# Input records

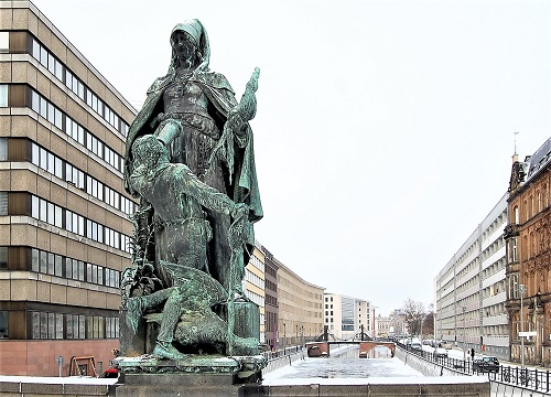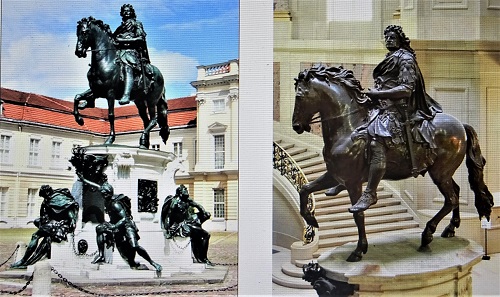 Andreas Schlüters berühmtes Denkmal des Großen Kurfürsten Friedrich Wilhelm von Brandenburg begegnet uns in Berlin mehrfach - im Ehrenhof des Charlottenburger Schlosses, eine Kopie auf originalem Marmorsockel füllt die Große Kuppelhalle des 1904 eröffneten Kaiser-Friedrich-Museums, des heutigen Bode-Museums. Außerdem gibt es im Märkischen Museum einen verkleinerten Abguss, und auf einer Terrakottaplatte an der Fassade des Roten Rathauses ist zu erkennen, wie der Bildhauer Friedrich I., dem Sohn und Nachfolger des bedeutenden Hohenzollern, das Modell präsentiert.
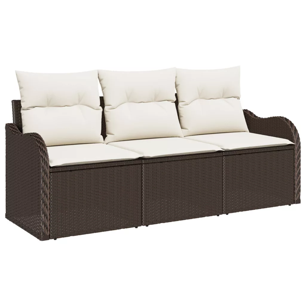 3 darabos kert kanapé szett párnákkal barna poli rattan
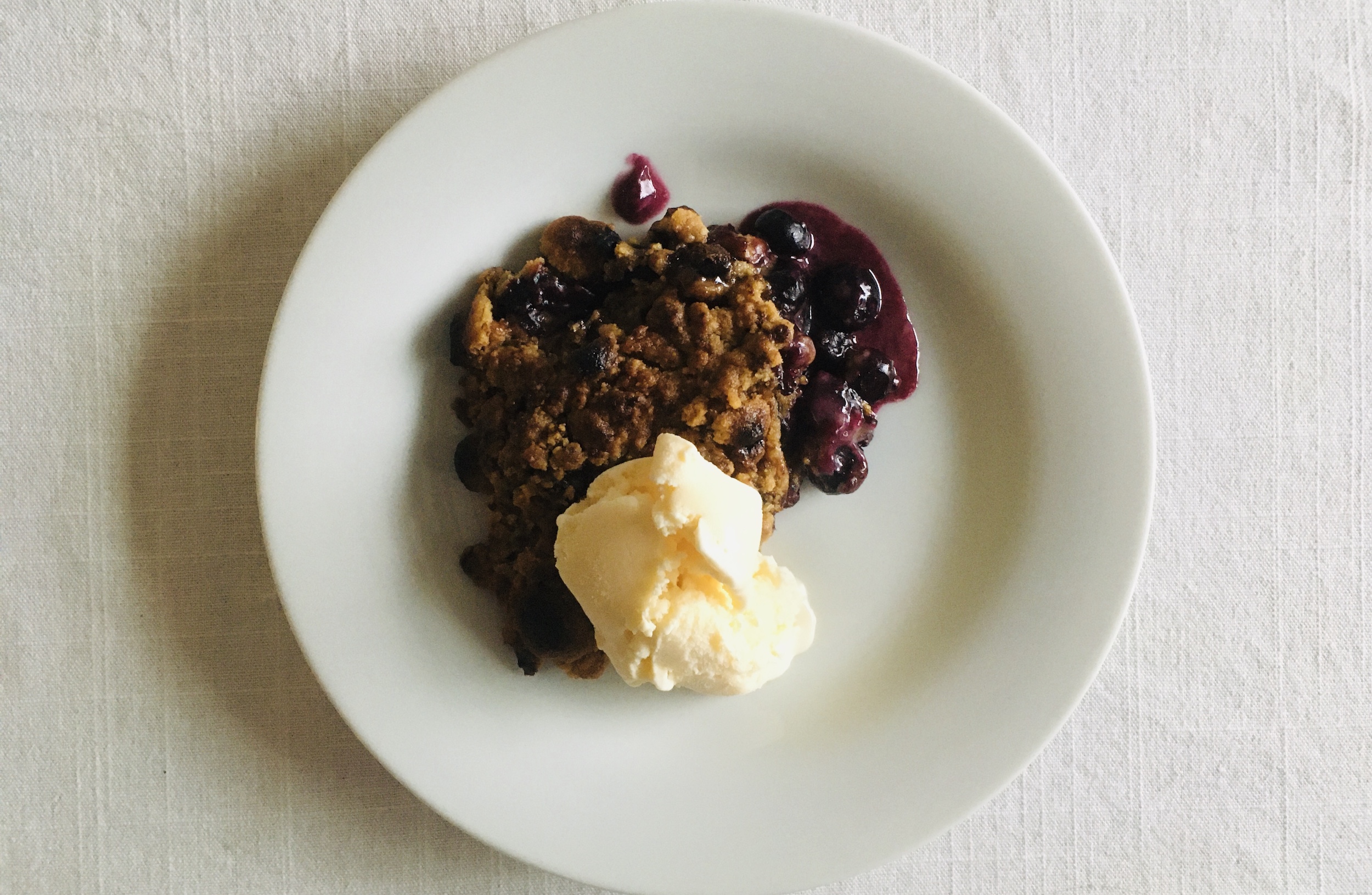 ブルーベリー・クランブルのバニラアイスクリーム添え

...

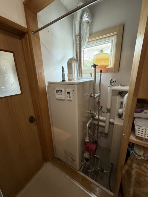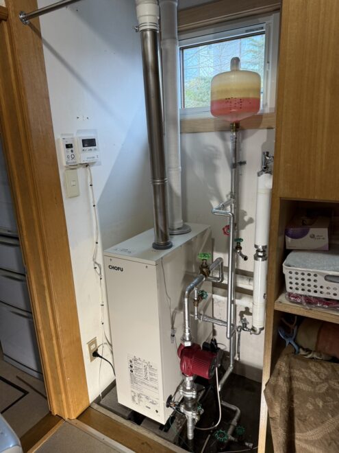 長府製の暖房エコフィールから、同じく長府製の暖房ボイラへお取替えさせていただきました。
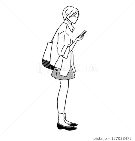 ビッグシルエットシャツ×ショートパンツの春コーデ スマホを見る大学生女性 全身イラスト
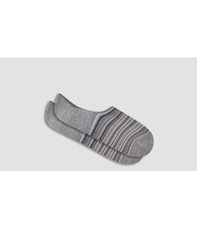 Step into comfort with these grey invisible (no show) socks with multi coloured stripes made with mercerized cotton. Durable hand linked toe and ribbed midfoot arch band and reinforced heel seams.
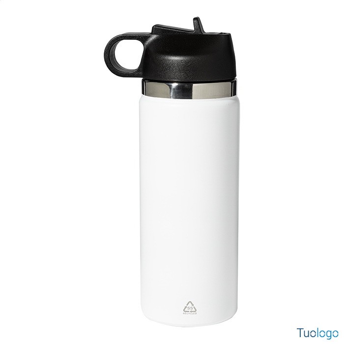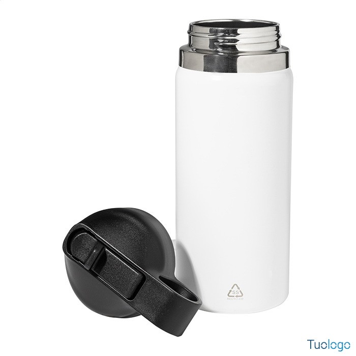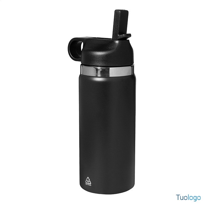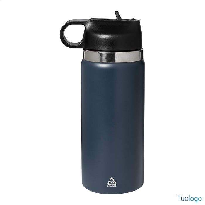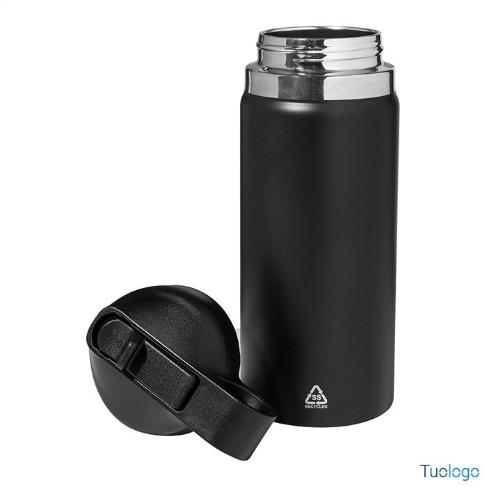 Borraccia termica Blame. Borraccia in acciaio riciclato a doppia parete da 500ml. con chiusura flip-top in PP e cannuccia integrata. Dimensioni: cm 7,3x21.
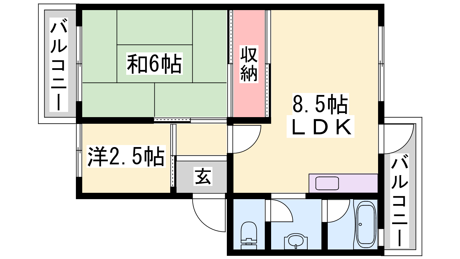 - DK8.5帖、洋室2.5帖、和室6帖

# Task brief
Output exactly the lines above that lie between the line with "長府製の暖房エコフィールから" and the line with "Step into comfort", those two lines included, and no pictures.

# Solution below
 長府製の暖房エコフィールから、同じく長府製の暖房ボイラへお取替えさせていただきました。
 ビッグシルエットシャツ×ショートパンツの春コーデ スマホを見る大学生女性 全身イラスト
 Step into comfort with these grey invisible (no show) socks with multi coloured stripes made with mercerized cotton. Durable hand linked toe and ribbed midfoot arch band and reinforced heel seams.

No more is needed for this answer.